Apple’s Kangaroo debut smashed a plethora of domestic records and was the clear choice as Asian currency bond of the year.
August’s A$2.25bn (US$1.6bn) offering put the Australian dollar market firmly on the map as an alternative funding currency for the world’s top corporate issuers, proving that the Kangaroo market can compete on size, as well as price.
Apple’s debut, as well as being Australia’s biggest corporate bond, was the first corporate Kangaroo to go out to seven years and the first to include multiple tenors.
The deal dwarfed all previous Australian dollar issues from non-financial companies.

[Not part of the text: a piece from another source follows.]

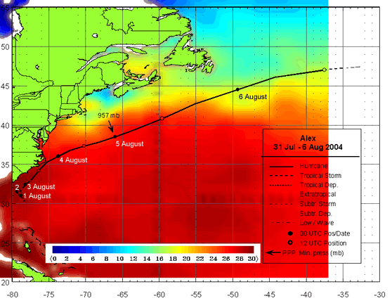 The occurrence of un-seasonally high sea temperatures during 2004 meant that Hurricane Alex formed further north and earlier in the year at 30.6N 78.6W, approximately 500 KM east of the Georgian coast and with a central pressure of 1010 hPa.

It more than doubled the previous record as the largest corporate bond in Australian dollars, trumping two separate A$1bn issues from local mining giant BHP Billiton. The previous largest corporate Kangaroo bond raised just A$500m.
DCM bankers have long sought to lure to the local fixed-income market a greater portion of Australia’s US$1.7trn pension pool, and Apple’s trade added to the growth in orders from the country’s middle-market accounts, including small funds, councils and charities.
“While Apple represents the cream of the crop with its extraordinarily strong balance sheet and high ratings, it shows there is plenty of appetite for A$1bn-plus corporate trades from the right names,” said an Australian fund manager, who participated in the issue.
The scale of Apple’s success clearly caught the attention of other global issuers, and top names, such as Ford and Intel, have since turned to the currency.
Apple priced in line with its US dollar curve and just inside its euro curve, while offering healthy pick-ups over its Australian comparables, persuading domestic fund managers, drawn to Apple’s status as a rare blue-chip technology issuer, to lap up 60% of the bond.
Joint lead managers CBA, Deutsche Bank and Goldman Sachs drew plaudits for their choice of tenors and competitive pricing levels, which helped ensure a remarkably smooth execution process.
Rather than the more typical five-year tenor, maturities of four and seven years provided investors with two distinct options, allowing Apple to appeal to the broadest possible audience.
Generous initial guidance secured an order book in excess of A$3bn, which slipped only slightly with a 5bp tightening of guidance.
Completing the trade’s all-round feel-good factor, Apple’s Kangaroo investors have seen their bonds outperform in the secondary market, in contrast to the company’s inaugural US$17bn issue in 2013, which famously tumbled as Treasury yields spiked higher almost immediately after pricing.